Neuvième Jour:
Moratalla, me Revoilà!
La nuit ne fut pas des plus reposantes...
J'ai les lombaires en compote, les muscles du dos courbaturés
suite à la journée d'hier, je n'ai pas super bien dormi,
malgré la fatigue qui s'accumule... réveillé vers
3h30, j'essaie en vain de me rendormir... au bout d'une demi-heure, je
me décide à sortir pisser... je n'enfile que mes
chaussures; j'ai déjà la flemme de sortir de mes sacs de
couchage, alors m'habiller, bof... est-ce vraiment nécessaire?
C'est donc le cul à l'air que je sors dans le
vent froid de cette nuit d'hiver pour soulager ma vessie...
Je pense avoir réussi ensuite à me rendormir un peu, mais
je n'en suis pas certain tant je suis complètement dans le
pâté... je passe un temps X à comater avant de me
décider à lancer un premier café...
En inclinant ma tente pour la débarrasser des
brindilles et poussières qui y sont entrées, je constate
que je vois à travers la toile du sol par quelques micros
trous... elle n'a pas résisté aux arrêtes du terrain
de gravier du désert de Gorafe... je vérifie
attentivement toute la toile de sol, et moins de dix patchs de sctoch US plus tard, je termine le démontage de la tente...
8h15, je bois un dernier café, je n'ai plus que la moto à charger avant de décoller...

Je prends la piste vers l'est qui mène à Moratalla.
Ce faisant, je roule face aux rayons du soleil levant. Ils traversent la
forêt, éclairent les vastes plaines et sierra
environnantes, parsemées de brumes matinales... je roule en toute quiétude dans ce beau décor, c'est
très zénifiant!
Arrivé sur la rue principale de la ville, j'aperçois une
terrasse ensoleillée et suis bien tenté de m'y poser...
Je regarde le large trottoir pour m'y garer, mais en même
temps, je constate que tout est bien propre et bien rangé dans cette rue, et qu'il y a même
quelques tout petits emplacements de stationnement pour les deux roues... une voiture y squate impunément,
certes, mais je n'ai aucune envie d'être le marseillais de base,
le fameux abruti Kissanbalek, et de monter me poser sur le trottoir
côté bar... l'endroit reste idéal pour moi, juste
en
face de tables vides. Les seuls clients dehors se sont installés
sur une partie couverte de cette grande terrasse.
Je me gare, la moto ne gène pas la
circulation, seulement le déplacement d'un container poubelle.
Et si la voiture part, je pousserais éventuellement la moto à sa place...

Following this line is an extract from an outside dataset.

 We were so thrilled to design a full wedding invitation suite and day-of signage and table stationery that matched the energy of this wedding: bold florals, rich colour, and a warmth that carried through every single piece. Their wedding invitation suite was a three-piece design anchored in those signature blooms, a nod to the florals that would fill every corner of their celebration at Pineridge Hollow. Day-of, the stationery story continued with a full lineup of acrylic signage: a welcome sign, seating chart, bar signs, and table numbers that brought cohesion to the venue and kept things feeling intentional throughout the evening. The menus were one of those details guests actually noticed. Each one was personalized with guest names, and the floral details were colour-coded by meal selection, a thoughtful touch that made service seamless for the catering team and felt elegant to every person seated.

En guise de double expresso, j'ai deux cafés... j'ai vraiment des progrès à faire en espagnol!
J'ai
repéré depuis mon bivouac une piste à la sortie de la ville qui va me
permettre de paisiblement et agréablement poursuivre ma route vers
le nord; je n'ai pour l'heure aucune envie de tracer sur de grandes routes.
Je vais payer, passe aux toilettes, m'y lave les mains... c'est devenu
une opération rare! C'est dans ces moments-là, avec ces
petites satisfactions simples du quotidien, qu'on apprécie et prend la mesure du
confort moderne... franchement, l'eau courante et le savon, c'est une sacrée invention!

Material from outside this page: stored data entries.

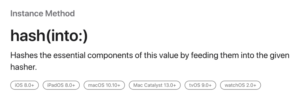 hashable 프로토콜을 채택하면 구현해야 하는 필수 메서드다. 요소들의 값을 주어진 hasher에 전달해서 해싱하는 함수.
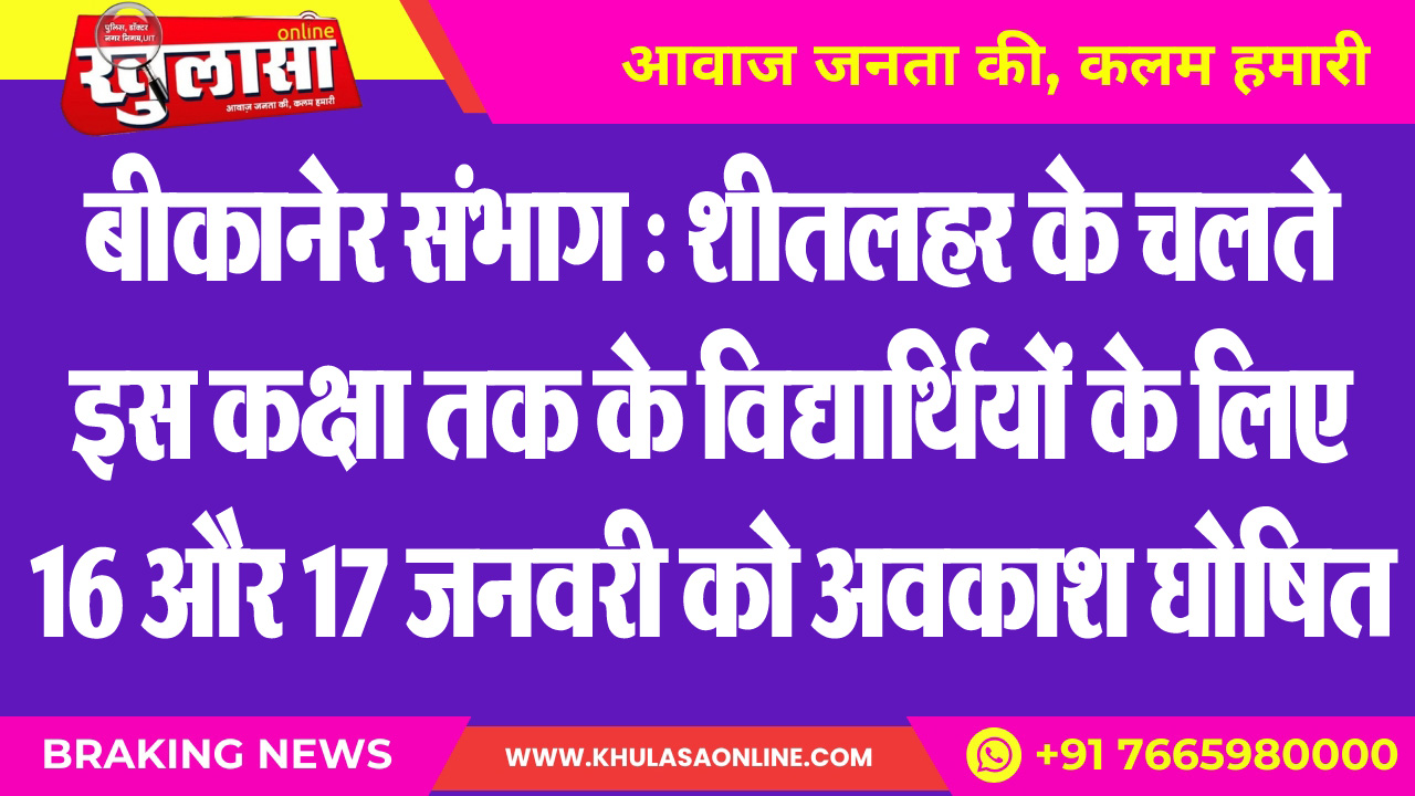 बीकानेर संभाग : शीतलहर के चलते इस कक्षा तक के विद्यार्थियों के लिए 16 और 17 जनवरी को अवकाश घोषित
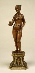 | Keywords: Daniel Mauch - Venus Holding an Apple - Walters 6119 - View A.jpg This lovely young woman's fanciful headdress marks her as Venus and not Eve She was once part of a group of statuettes that recreated the classical myth of the Judgment of Paris In a contest conceived by the goddess of Discord the Trojan prince Paris was asked to judge who among Venus goddess of love Juno wife of Jupiter king of the Olympian gods and Minerva celebrated for her wisdom was the most beautiful; a golden apple was presented to the winner Venus here holds the apple that memorialized her triumph Although the subject is from classical antiquity the rounded proportions of the figure are thoroughly modern Netherlandish between 1530 1540 Renaissance boxwood cm 21 accession number 61 19 27341 Henry Walters Baltimore date and mode of acquisition unknown Walters Art Museum Henry Walters Acquired by Henry Walters World of Wonder The Walters Art Gallery Baltimore 1971-1972 A Renaissance Puzzle Heemskerck's Abduction of Helen The Walters Art Gallery Baltimore 1993 place of origin Germany Walters Art Museum license Renaissance sculpture in the Walters Art Museum Daniel Mauch Media contributed by the Walters Art Museum needs category review Media contributed by the Walters Art Museum needs artist update Aphrodite in post-antique sculpture Statues of Aphrodite Sculptures of nude standing women |
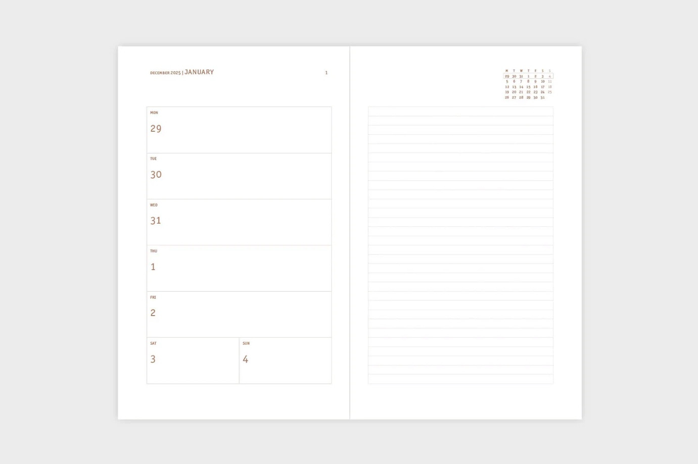 Copper Light weekly calendar 2026 Papierniczeni Frost
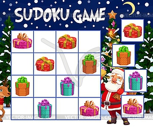 کوچولوی من بابانوئل توی تصویر 4 نوع جعبه کادو دارد. ازت می خواهم که آنها را طوری توی خانه های جدول قرار بدهی که در هیچ سطر یا ستونی کادوی تکراری وجود نداشته باشد.
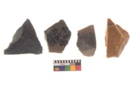 | Description / विवरण | There are n 4 utilized worked flakes; they show multidirectional irregular scar pattern on both dorsal and ventral face of the flakes.Three are tapering at one end and all are having sharp edges. |
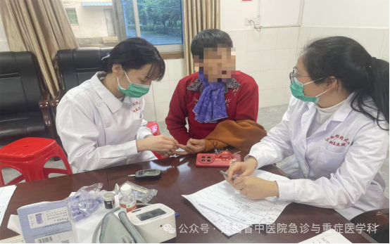 李晋、于长振主治医师,戴方杨住院医师及万浓主管护师组成急诊团队,为居民免费测量血压、血糖,筛查高血压和糖尿病。团队详细了解老年患者健康状况,逐一答疑解惑。其中,于长振主治中医师凭借扎实的中医功底,现场为患者开方,将"简、便、验、廉"的中医特色落到实处。

Je suis donc tout guilleret en me dirigeant vers la
sortie du bar pour rejoindre ma table en terrasse.
J'en suis à deux pas lorsque j'entends et
vois une vieille grosse vachasse qui gueule à proximité
de ma moto... très énervée, descendue de son tout petit scoot, qui doit peser quatre
fois moins qu'elle (le scooter est vraiment tout petit, et elle, ben... vraiment pas du tout!),
elle gueule des trucs dans lesquels je comprends qu'elle demande
à qui appartient cette moto qui l'emmerde profondément...
- "Esta a mi!...", je baragouine en arrivant sur la terrasse...

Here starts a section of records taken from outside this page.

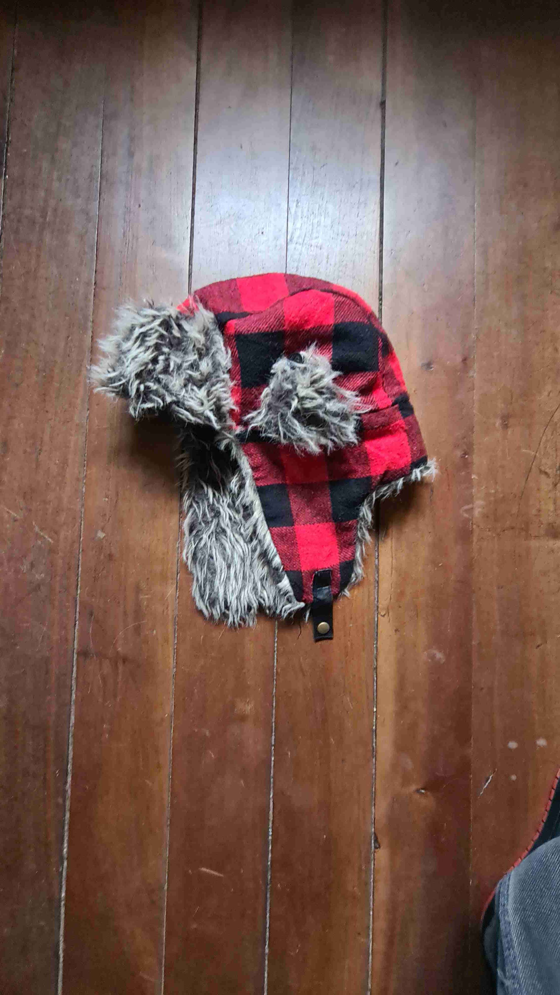 Gorro abrigado (2yk) con diseño de cuadros rojos y negros. Ideal para mantener la cabeza calentita en invierno. En buen estado general.
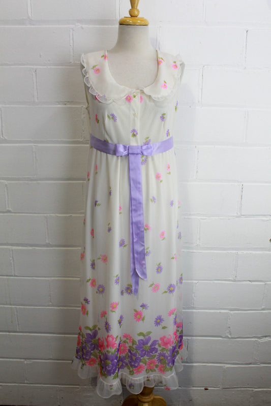Vintage 1960s/70s White Chiffon with Lilac and Pink Floral Print Maxi Dress, Med
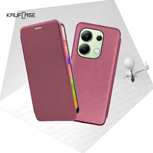 Чехол книжка для телефона Xiaomi Redmi Note 13 Pro 4G/ Poco M6 Pro (6.67"), бордовый. Текстура под кожу

Elle a enfin quelqu'un sur qui déverser sa
mauvaise humeur, et je comprends que je me fais copieusement insulter.
J'improvise, je tente de
l'apaiser, je ne me risquerai pas à la peser, lui montre la voiture mal garée là, tout en
disant calmement:
- "El problemos, non esta mi... el problemos esta el coche..."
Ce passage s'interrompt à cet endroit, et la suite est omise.